== Provided data ==
- - - - - - -
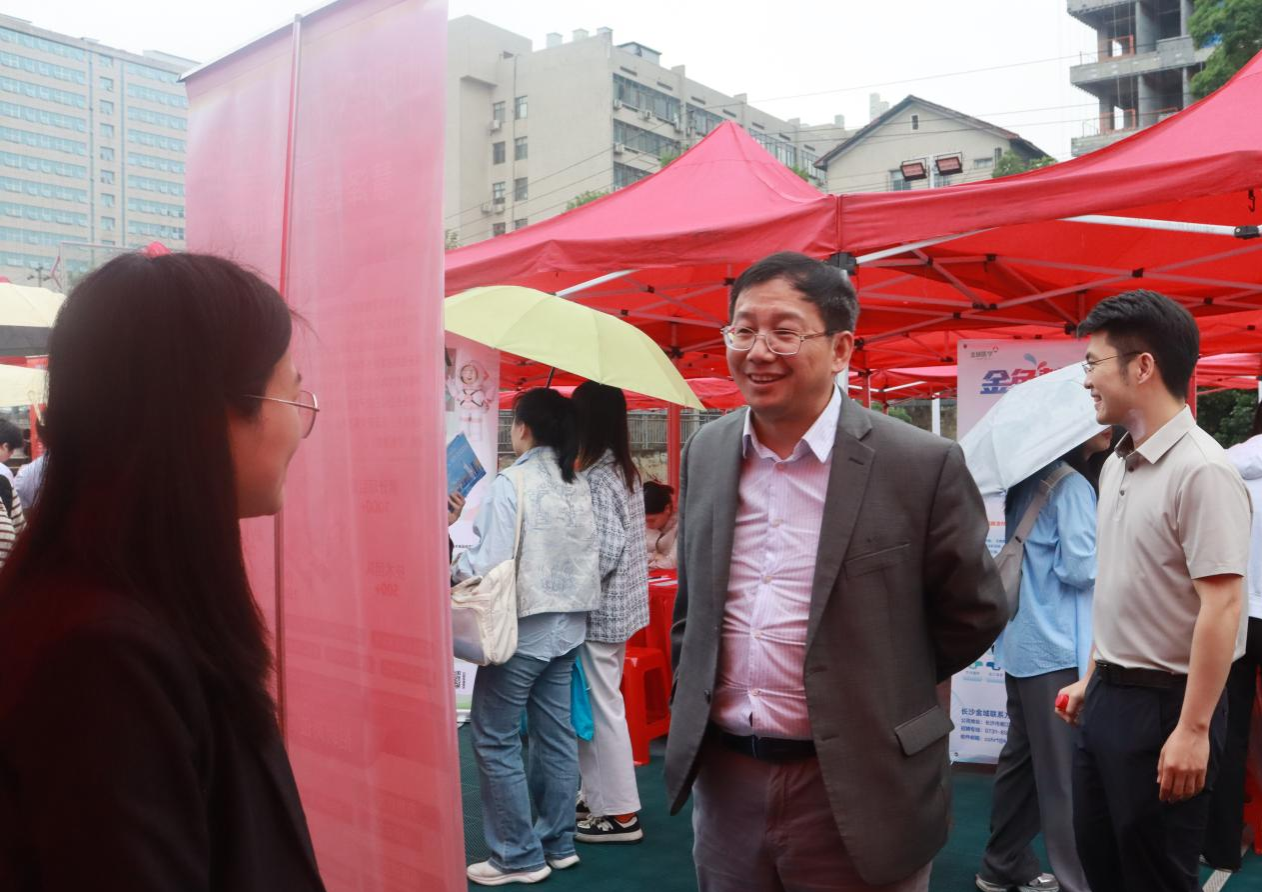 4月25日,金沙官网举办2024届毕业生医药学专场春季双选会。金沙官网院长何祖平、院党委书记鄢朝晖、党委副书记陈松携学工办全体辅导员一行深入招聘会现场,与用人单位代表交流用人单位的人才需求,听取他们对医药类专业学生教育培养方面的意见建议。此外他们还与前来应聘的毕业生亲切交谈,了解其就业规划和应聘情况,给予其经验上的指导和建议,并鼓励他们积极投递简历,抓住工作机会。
- - - - - - -
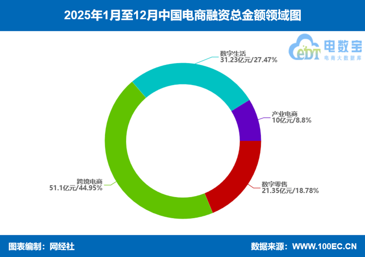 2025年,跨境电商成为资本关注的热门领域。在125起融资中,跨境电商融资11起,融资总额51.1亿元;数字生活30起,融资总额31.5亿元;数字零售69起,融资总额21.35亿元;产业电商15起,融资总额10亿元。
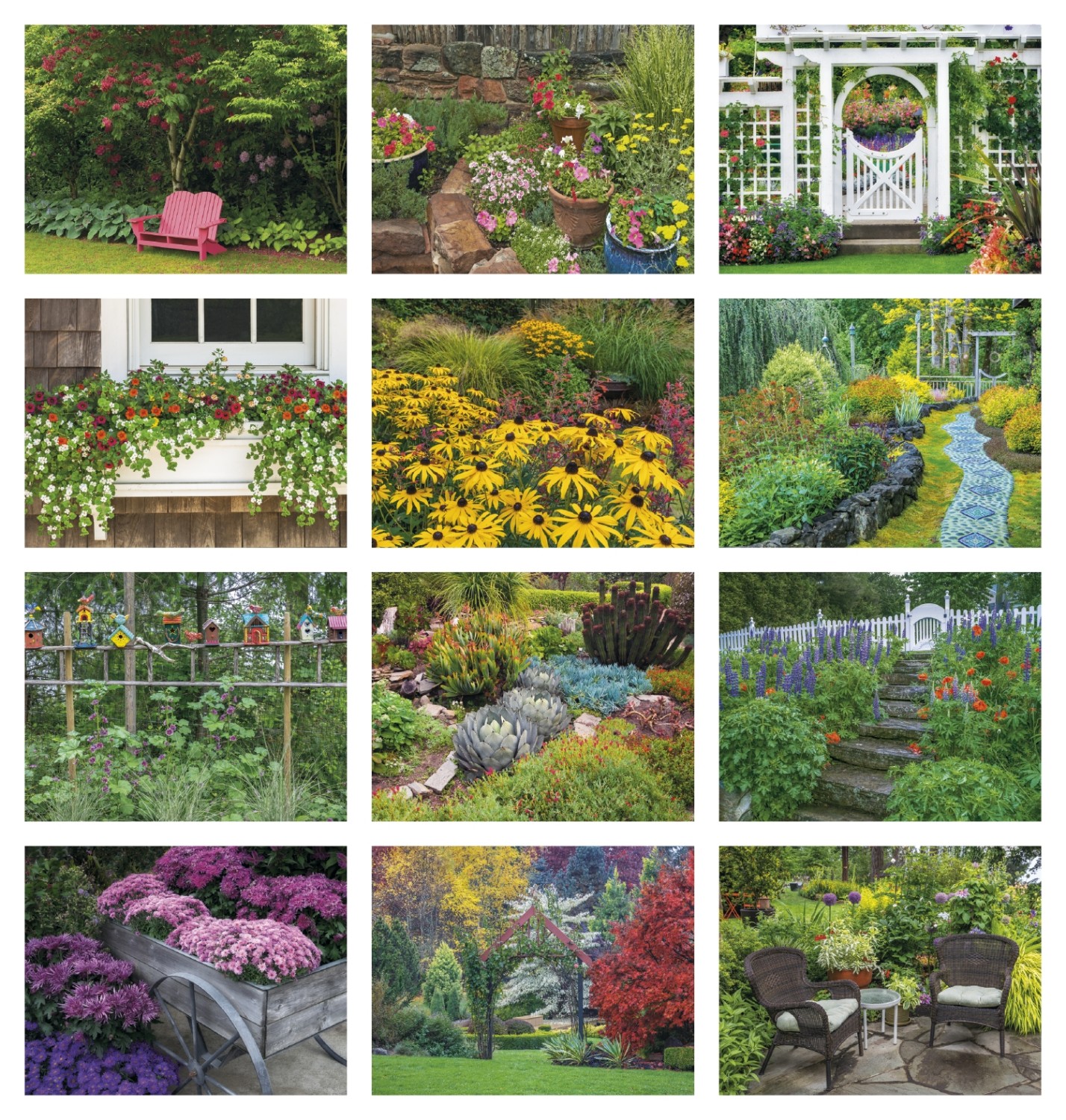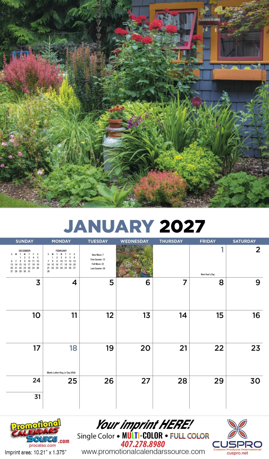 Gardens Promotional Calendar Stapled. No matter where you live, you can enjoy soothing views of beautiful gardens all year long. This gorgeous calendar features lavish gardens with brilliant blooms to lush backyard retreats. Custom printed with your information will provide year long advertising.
- - - - - - -
== What you need to do ==
From the entries above, copy exactly the lines starting at the one with "2025年,跨境电商成为资本" and stopping at the one with "Gardens Promotional Calendar", keeping both ends. Drop the pictures.

== Task output ==
 2025年,跨境电商成为资本关注的热门领域。在125起融资中,跨境电商融资11起,融资总额51.1亿元;数字生活30起,融资总额31.5亿元;数字零售69起,融资总额21.35亿元;产业电商15起,融资总额10亿元。
 Gardens Promotional Calendar Stapled. No matter where you live, you can enjoy soothing views of beautiful gardens all year long. This gorgeous calendar features lavish gardens with brilliant blooms to lush backyard retreats. Custom printed with your information will provide year long advertising.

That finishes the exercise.